Regulations adopted by some states in the United States require that all borrowers of certain short-term loan products be
reported to a centralized database and limit the number of loans a borrower may have outstanding. Other laws adversely
impact the availability of some of the Company’s consumer loan products in the United States to active duty military
personnel, active members of the National Guard or members on active reserve duty and their immediate dependents. In
addition, the Company’s business is subject to various local rules and regulations such as local zoning regulation and
permit licensing. Local jurisdictions’ efforts to restrict pawnshop operations and short-term lending through the use of
local zoning and permitting laws have been increasing and could reduce profitability and volume of the loans offered or
impair the Company’s ability to continue current operations in those jurisdictions. For example, during 2013, the
Company closed 36 retail services locations in Texas that offered consumer loans as their primary source of revenue,
primarily as a result of restrictive city ordinances that have been passed since 2011 that had the effect of reducing the
profitability and the volume of short-term consumer loans. See “Item 1. Business—Recent Developments” for additional
information regarding recent regulatory developments and these store closures.

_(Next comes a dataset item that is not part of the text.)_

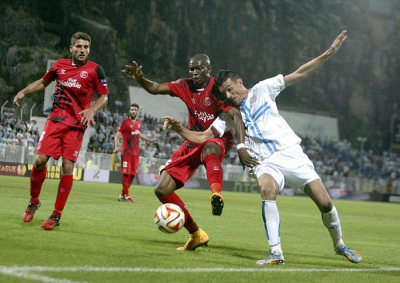 U susretu 2. kola G skupine Europske lige Rijeka je pred 9.500 gledatelja na stadionu Kantrida odigrala protiv branitelja naslova Seville 2-2 primivši drugi pogodak u sudačkoj nadoknadi.

Certain consumer advocacy groups and federal and state legislators have asserted that laws and regulations
should be tightened so as to severely limit, if not eliminate, the availability of certain consumer loan products to
consumers, and this has resulted in both the executive and legislative branches of the U.S. federal government and state
governmental bodies exhibiting an interest in debating legislation that could further regulate consumer loan products
such as those offered by the Company. The U.S. Congress, as well as similar state and local bodies and similar foreign
governmental authorities, have debated, and may in the future adopt, proposed legislation that could, among other
things, place a cap on the effective annual percentage rate on the amount of interest or fees that may be charged, ban or
limit loan renewals or extensions (where the customer agrees to pay the current finance charge on a loan for the right to
make payment of the outstanding principal balance of such loan at a later date plus an additional finance charge),
including the rates to be charged for loan renewals or extensions, require the Company to offer an extended payment
plan, allow for only minimal origination fees for advances, require short-term lenders to be bonded or require lenders to
report consumer loan activity to databases designed to monitor or restrict consumer borrowing activity by limiting the
number of consumer loans that customers may receive or have outstanding, or impose “cooling off” periods between the
time a loan is paid off and another loan is obtained. The Company cannot currently assess the likelihood of any future
unfavorable federal or state legislation or regulations being proposed or enacted that could affect the Company’s
products and services. The Company closely monitors proposed legislation being discussed in states where it does
business, especially states where it offers consumer loan products. For example, a ballot initiative is pending in Missouri
that, if passed, would likely require the Company to cease offering its consumer loan products in that state. There can be
no assurance that additional legislative or regulatory initiatives will not be enacted that could severely restrict, prohibit
or eliminate the Company’s ability to offer a consumer loan product. In addition, under statutory authority, state
regulators have broad discretionary power and may impose new licensing requirements, interpret or enforce existing
regulatory requirements in different ways or issue new administrative rules, even if not contained in state statutes, that
could affect the way the Company does business and may force the Company to terminate or modify its operations in
particular states or affect its ability to obtain new licenses or renew the licenses it holds.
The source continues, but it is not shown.